(Beginning of Task data)

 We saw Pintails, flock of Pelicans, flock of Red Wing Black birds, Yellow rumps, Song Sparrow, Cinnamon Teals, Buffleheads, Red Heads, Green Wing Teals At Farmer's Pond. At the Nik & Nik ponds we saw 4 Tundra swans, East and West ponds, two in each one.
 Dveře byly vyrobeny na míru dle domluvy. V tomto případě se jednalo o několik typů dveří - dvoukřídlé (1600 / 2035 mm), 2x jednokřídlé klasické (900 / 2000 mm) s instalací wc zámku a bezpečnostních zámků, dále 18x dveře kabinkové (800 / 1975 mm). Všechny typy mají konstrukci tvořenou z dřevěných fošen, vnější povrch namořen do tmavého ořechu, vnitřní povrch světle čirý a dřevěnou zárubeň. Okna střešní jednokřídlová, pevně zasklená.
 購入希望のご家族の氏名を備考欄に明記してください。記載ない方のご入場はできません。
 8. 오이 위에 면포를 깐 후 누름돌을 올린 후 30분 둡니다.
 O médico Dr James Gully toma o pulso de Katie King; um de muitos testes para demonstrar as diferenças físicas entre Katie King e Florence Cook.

(End of Task data)
(Beginning of Task data)

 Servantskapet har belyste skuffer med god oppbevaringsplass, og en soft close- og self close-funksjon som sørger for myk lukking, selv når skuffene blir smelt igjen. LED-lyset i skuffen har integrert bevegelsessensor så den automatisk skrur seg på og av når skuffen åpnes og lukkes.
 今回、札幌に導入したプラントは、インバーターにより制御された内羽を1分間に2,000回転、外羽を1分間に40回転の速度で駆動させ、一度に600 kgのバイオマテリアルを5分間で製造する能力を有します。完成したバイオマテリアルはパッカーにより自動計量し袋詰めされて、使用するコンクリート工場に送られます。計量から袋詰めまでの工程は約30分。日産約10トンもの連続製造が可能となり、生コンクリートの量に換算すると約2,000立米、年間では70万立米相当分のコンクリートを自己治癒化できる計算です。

(End of Task data)

Retype, in the same exact form, the lines of the material above from the line holding "Servantskapet har belyste" through the line holding "今回、札幌に導入したプラント".

 Servantskapet har belyste skuffer med god oppbevaringsplass, og en soft close- og self close-funksjon som sørger for myk lukking, selv når skuffene blir smelt igjen. LED-lyset i skuffen har integrert bevegelsessensor så den automatisk skrur seg på og av når skuffen åpnes og lukkes.
 今回、札幌に導入したプラントは、インバーターにより制御された内羽を1分間に2,000回転、外羽を1分間に40回転の速度で駆動させ、一度に600 kgのバイオマテリアルを5分間で製造する能力を有します。完成したバイオマテリアルはパッカーにより自動計量し袋詰めされて、使用するコンクリート工場に送られます。計量から袋詰めまでの工程は約30分。日産約10トンもの連続製造が可能となり、生コンクリートの量に換算すると約2,000立米、年間では70万立米相当分のコンクリートを自己治癒化できる計算です。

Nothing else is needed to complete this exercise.